It has been 17 years and 173 days since the city’s pledge to build the West Branch Library.

Another blog milestone: 250,000 reads of my blog. My thanks to everyone who has taken the time to follow me. It is appreciated.

Ed Beasley, Courtesy City of Glendale

Ed Beasley, Courtesy City of Glendale

On June 9, 2015, the St. Louis Post Dispatch ran a story by Stephen Deere announcing that Glendale’s former City Manager Ed Beasley has been hired as Interim City Manager for 6 months in Ferguson, Missouri. The first reaction from many in Glendale has been absolute speechlessness followed by a stunned “Wow!” Here is the link: .

I didn’t know much about Ferguson demographically although it is nationally known as the recent birthplace of Afro-American civil unrest characterized by the false chant of “Hands up…don’t shoot.” According to the census bureau (here is the link: the comparisons of Ferguson and Glendale are stark:

  • Ferguson has a population of 21,111; Glendale has a population of 230,000.
  • Ferguson’s racial makeup is 67% black and 29% white; Glendale is 67% white and 6% black.
  • The median value of a home in Ferguson is $93,700; Glendale is $144,300.
  • Ferguson’s median household income is $38,685; Glendale’s is $47,474.

Ed Beasley had a long and storied 17 year career with the City of Glendale. He began his tenure in Glendale in 1998 as Assistant City Manager under Former City Manager Dr. Martin Vanacour. In 2002 Elaine Scruggs became the council appointed mayor after Mayor Quentin Tolby resigned. From the start of her tenure as mayor she seemed to butt heads with Vanacour and shortly thereafter he resigned and Beasley was appointed by the city council as the new Glendale City Manager. He served in that capacity for ten years until 2012. At the start of both their tenures in 2002, Scruggs supported Beasley during his DUI trouble. See link: Beasley DPS .   But as time passed, Beasley’s and Scruggs’ relationship became rocky as each vied to become the ultimate power broker in Glendale.  As their working relationship soured over the years she was never able to garner enough council support to have him removed.

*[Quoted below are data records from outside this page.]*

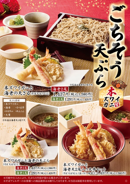 家族亭では、年始より「本ズワイガニと海老の天ざる」を継続販売いたします。
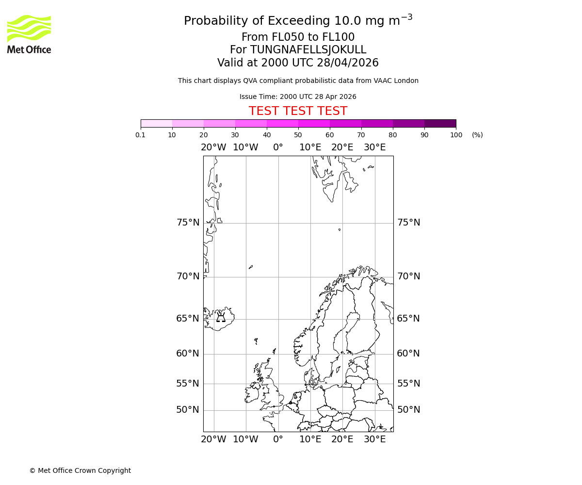 Probability of exceeding 10.0 milligrams per metre cubed. From 000 to 050 for TUNGNAFELLSJOKULL. Valid at 2000 UTC 28/04/2026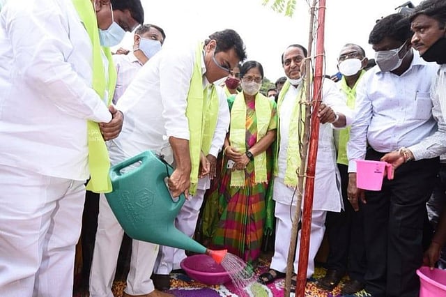 Under Telangana's Haritha Haram programme to improve green cover, 220 crore saplings were planted at a cost of Rs 5,900 crore during the last six years, a state minister said on July 1. The seventh phase of the massive tree plantation programme began across Telangana on Thursday. Minister for Municipal Administration and Urban Development KT Rama Rao, who launched the programme, described Haritha Haram as the 'third largest effort of its kind in human history' KTR, along with Minister for Environment and Forest A Indrakaran Reddy, and Minister for Education Sabitha Indra Reddy, launched the 10-day plantation drive at the reserve forest area abutting the Outer Ring Road near Amberpet Kalan on the outskirts of Hyderabad. As part of the event, the urban forest park developed by the Hyderabad Metropolitan Development Authority (HMDA) was inaugurated.

Alma Carmicle Courtesy Glendale Star

Alma Carmicle, Courtesy Glendale Star

In 2012 he announced his retirement to city council and left. A year later information would become public that would tarnish his reputation. Beasley ran his administration with an “inner circle” of advisors from within Glendale’s ranks. He apparently was not shy about helping his friends, witness Glendale’s former HR Director Alma Carmicle’s job retention with her $140,000 salary despite her permanent move to

Art Lynch, Courtesy Glendale Star

Art Lynch, Courtesy Glendale Star

Mississippi and former Director of Finance Art Lynch’s overly generous $930,000 three year compensation as a consultant. Rumors also flew about Beasley’s attempt to secure the purchase of the Coyotes for John Kaites and Jerry Reinsdorf after Jerry Moyes declared the Coyotes bankrupt in 2009. See this link: . Then there was Beasley’s choice of Andrew Kirkland as chief of police. In less than 5 months after his having been hired he was under investigation and resigned. See this link: .

Beasley seemed to surround himself with some seemingly ethically challenged employees. Those employees in upper management unafraid of pointing out that “the emperor had no clothes” soon recognized the futility of doing so and left city employ. It didn’t take them long to figure out the landscape as they became marginalized by Beasley and his friends.

Beasley was golden during Glendale’s run-up to become the sports mecca of the state. He was riding high as he was courted by some of the largest cities in the nation to become their city manager. Although he had left Glendale’s employ it wasn’t soon before a publicly released city audit revealed fiscal mismanagement of the Risk Management Trust Fund and the Workmen’s Compensation Trust Fund – all of which occurred on his watch. He was one of the most highly compensated city managers in the state earning a six figure salary as well as a generous benefit package. In May 2012, Beasley formed his own consulting business, Ed Beasley and Associates LLC. Less than a year later by February 2013, he became vice president of Colliers International Government Solutions division.

Ferguson’s hiring of Beasley as its Interim City Manager follows a steady stream of 3 other city managers in quick succession – in the span of 3 months. His contract amount is $84,500. That’s quite a come down and embarrassing. He had applied with other governmental jurisdictions but his services were declined. Ferguson has its own set of problems, a Department of Justice investigation whose findings demand compliance and a rising number of lawsuits. It’s make or break time for Beasley. Ferguson faces so many challenges. If Beasley demonstrates an inability to solve them his career as a city manager anywhere will die. Those are pretty high stakes for a man seeking rehabilitation. His seeming deal making, his reputed willingness to insure the financial futures of his friends and his questionable approval of irregular financial arrangements may or may not serve Ferguson’s interests well. Ferguson, heed these words, “Alas, poor Yorick, I knew him well.” (Hamlet Act 5 Scene 1). Glendale thought it knew Ed Beasley well.